EXERCISE GOAL: Would you transcribe each entry precisely as it stands, setting aside any images?

EXTRACTED DATA:
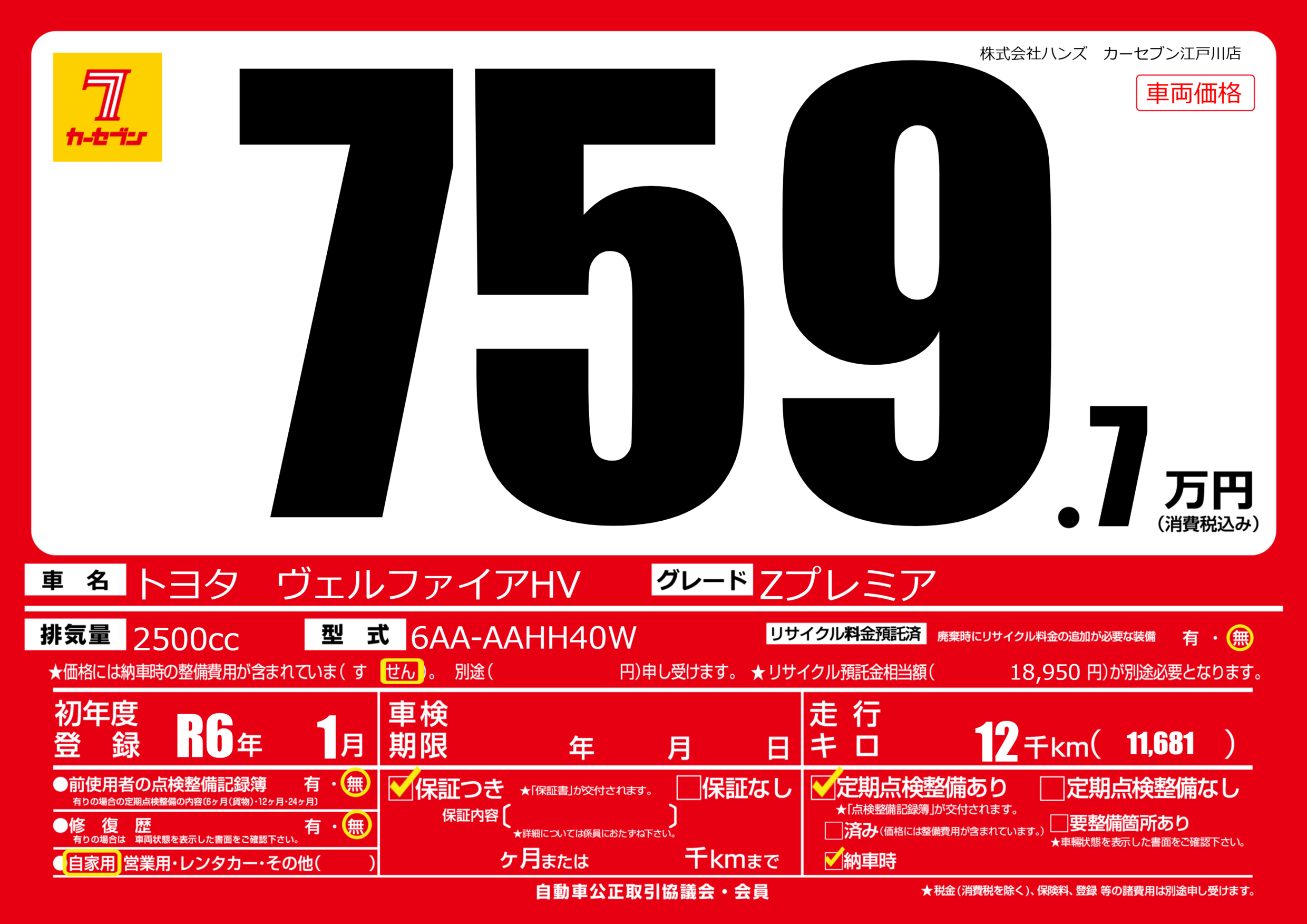 | 車名 | トヨタ ヴェルファイアHV | グレード ミッション 排気量 |
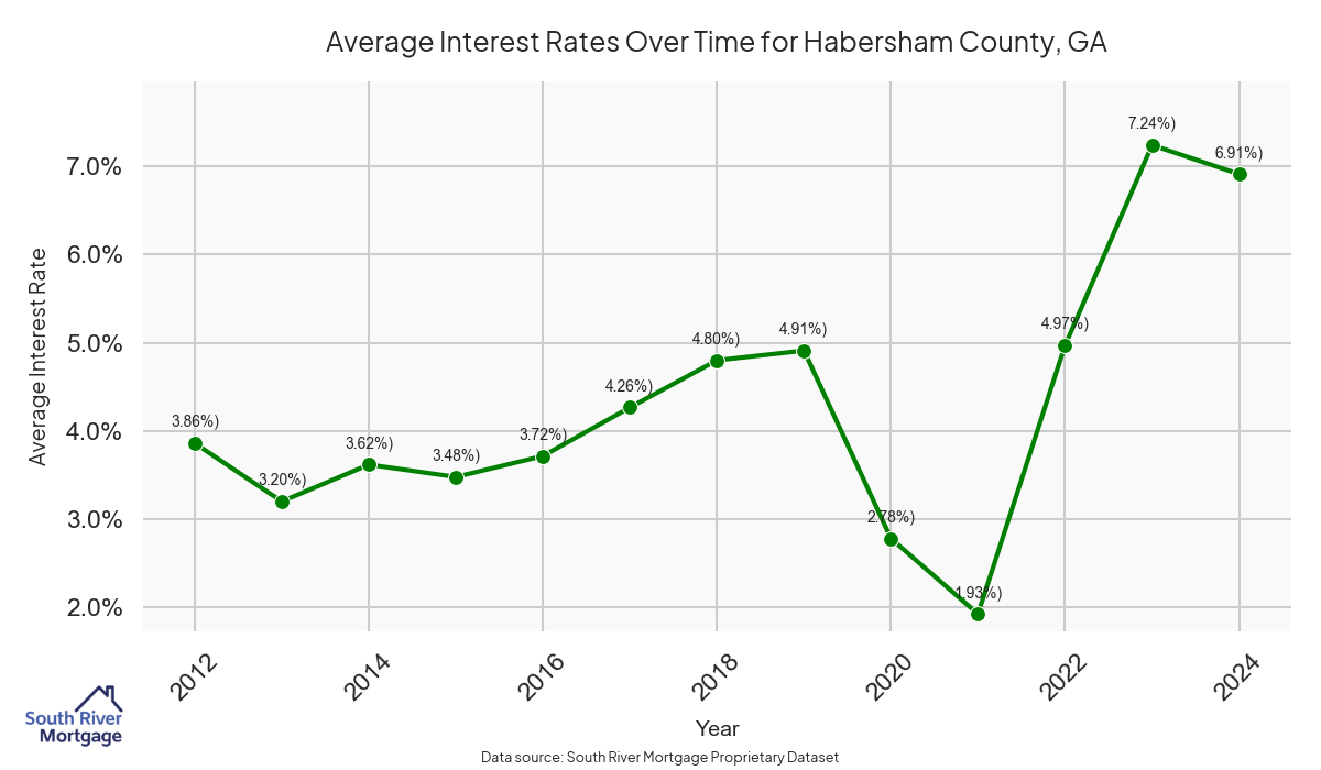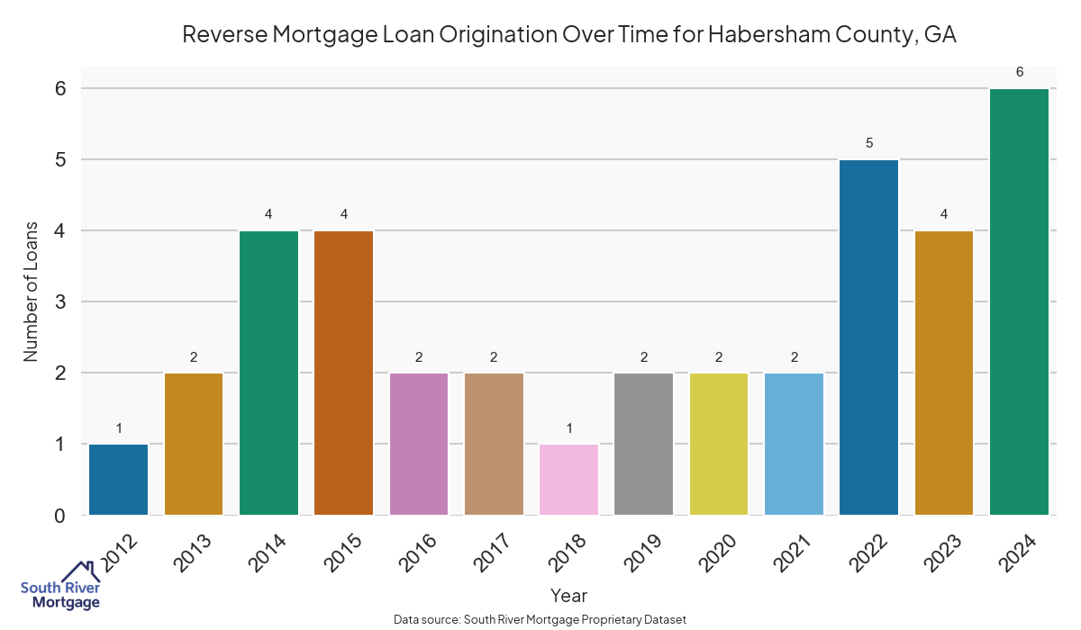 There are approximately 37 active reverse mortgage loans in Habersham County. The average interest rate in Habersham County is 7.13% for reverse mortgages. The average maximum claim amount (the lesser of the appraisal or lending limit), among reverse mortgage borrowers, in Habersham County was $319,000.00 in 2024.
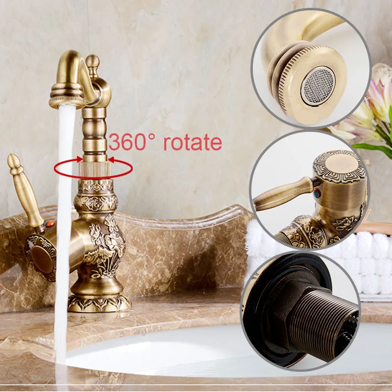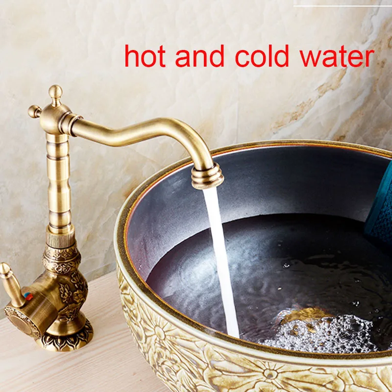 Смеситель для раковины, античная медь, латунь, резной смеситель дюй...
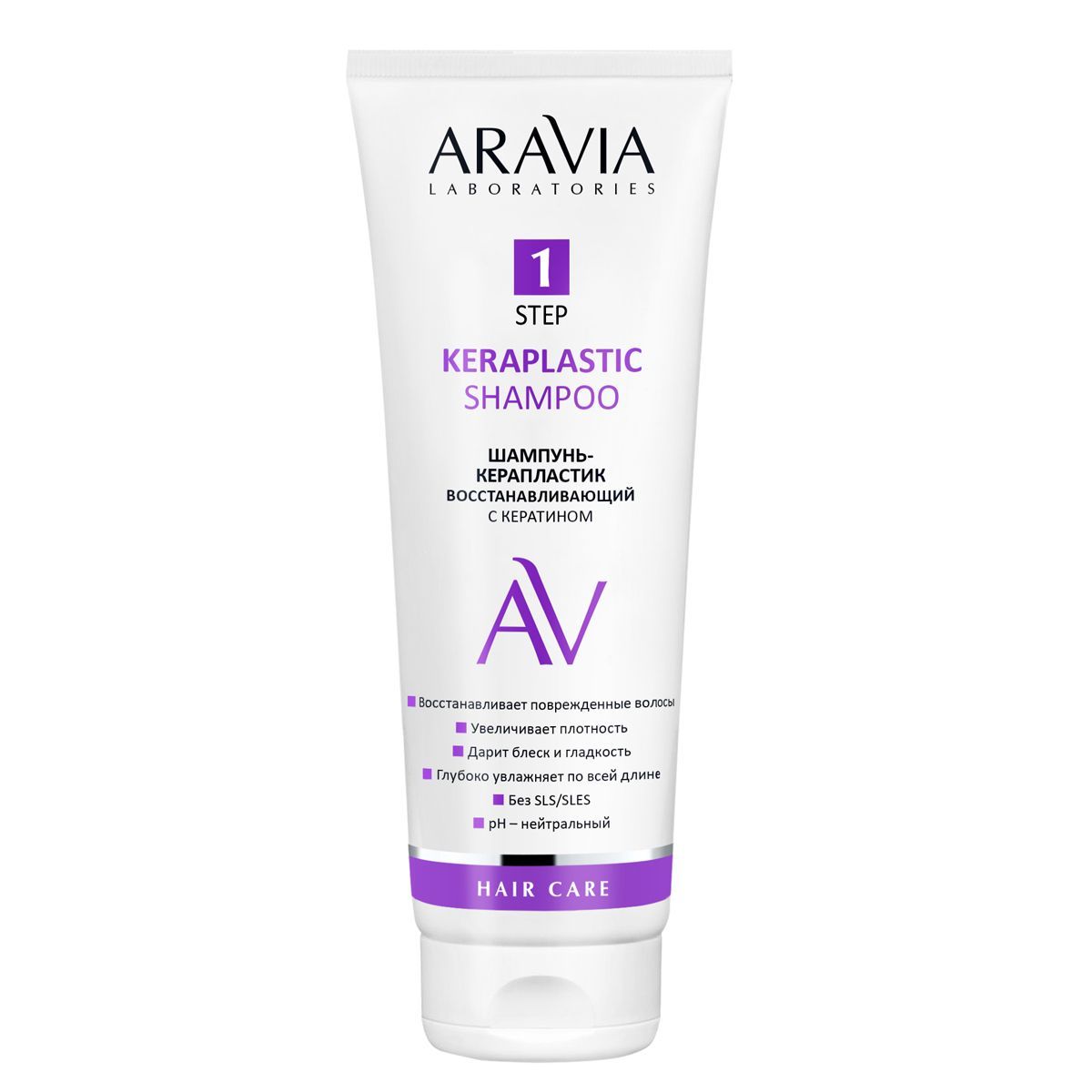 Активы: кератин, д-пантенол. Не содержит SLS и SLES, рН нейтральный.
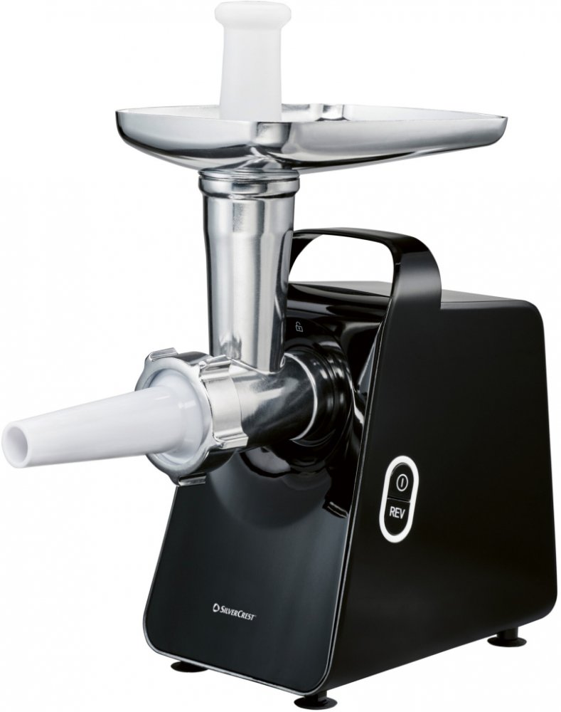 Silvercrest® Elektrický mlýnek na maso Vlastnosti Nástavec na pasírování rajčat Všestranné použití – ideální na mletí masa a výrobu klobás Vhodný i na křehké sušenky - včetně nástavce na sušenky z nerezové oceli* se 4 motivy Vypínač a funkce zpětného chodu Plnicí miska, vtoková/výtoková hubice a podávací šnek jsou z tlakově litého hliníku: lze je demontovat na podávací šnek; křížový nůž a pojistný...
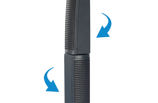 Eight 3.5″ drivers are arranged in an interlocking, 3-segment column array, coupled with a 12″ subwoofer that can produce up to 125dB SPL. To ensure sound is delivered across an entire audience, the VX8.1 provides a horizontal coverage angle of 120° with the full array in center position, as well as 200° with the two array segments rotated 45° in opposite directions. Meanwhile, the system’s subwoofer delivers tight low end down to 40Hz.
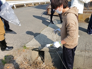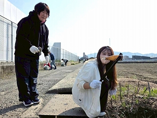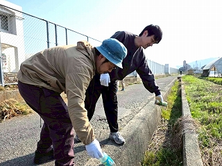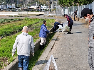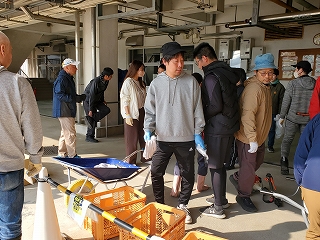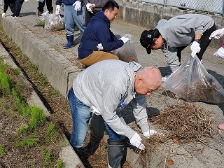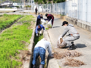最初は「側溝の中のゴミだけ回収しよう」だったのですが、「せっかくなので、全部浚っちゃえ!」と、堆積した枯草なんかも掻き出すことに! そうと決まれば行動は早い! みんなでガンガン搔き出していきます。 |
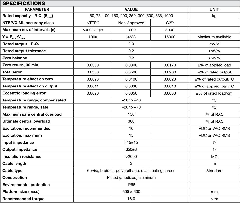 Tedea-Huntleigh特迪亞1260系列技術(shù)指標(biāo)
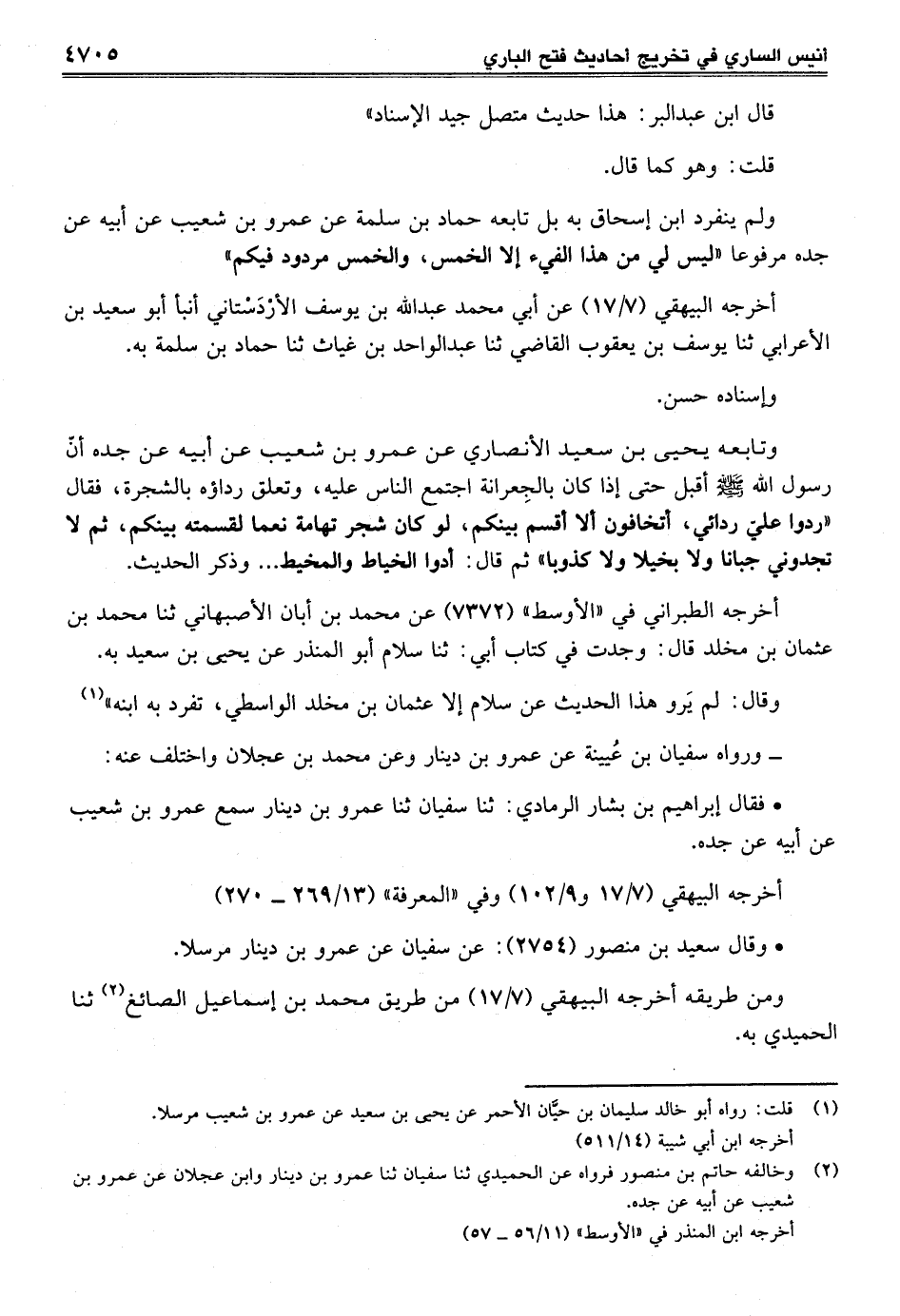 ولم ينفرد ابن إسحاق به بل تابعه حماد بن سلمة عن عمرو بن شعيب عن أبيه عن جده مرفوعا "ليس لي من هذا الفيء إلا الخمس، والخمس مردود فيكم"

WRITTEN ANSWER:
 | 車名 | トヨタ ヴェルファイアHV | グレード ミッション 排気量 |
 There are approximately 37 active reverse mortgage loans in Habersham County. The average interest rate in Habersham County is 7.13% for reverse mortgages. The average maximum claim amount (the lesser of the appraisal or lending limit), among reverse mortgage borrowers, in Habersham County was $319,000.00 in 2024.
 Смеситель для раковины, античная медь, латунь, резной смеситель дюй...
 Активы: кератин, д-пантенол. Не содержит SLS и SLES, рН нейтральный.
 Silvercrest® Elektrický mlýnek na maso Vlastnosti Nástavec na pasírování rajčat Všestranné použití – ideální na mletí masa a výrobu klobás Vhodný i na křehké sušenky - včetně nástavce na sušenky z nerezové oceli* se 4 motivy Vypínač a funkce zpětného chodu Plnicí miska, vtoková/výtoková hubice a podávací šnek jsou z tlakově litého hliníku: lze je demontovat na podávací šnek; křížový nůž a pojistný...
 Eight 3.5″ drivers are arranged in an interlocking, 3-segment column array, coupled with a 12″ subwoofer that can produce up to 125dB SPL. To ensure sound is delivered across an entire audience, the VX8.1 provides a horizontal coverage angle of 120° with the full array in center position, as well as 200° with the two array segments rotated 45° in opposite directions. Meanwhile, the system’s subwoofer delivers tight low end down to 40Hz.
最初は「側溝の中のゴミだけ回収しよう」だったのですが、「せっかくなので、全部浚っちゃえ!」と、堆積した枯草なんかも掻き出すことに! そうと決まれば行動は早い! みんなでガンガン搔き出していきます。 |
 Tedea-Huntleigh特迪亞1260系列技術(shù)指標(biāo)
 ولم ينفرد ابن إسحاق به بل تابعه حماد بن سلمة عن عمرو بن شعيب عن أبيه عن جده مرفوعا "ليس لي من هذا الفيء إلا الخمس، والخمس مردود فيكم"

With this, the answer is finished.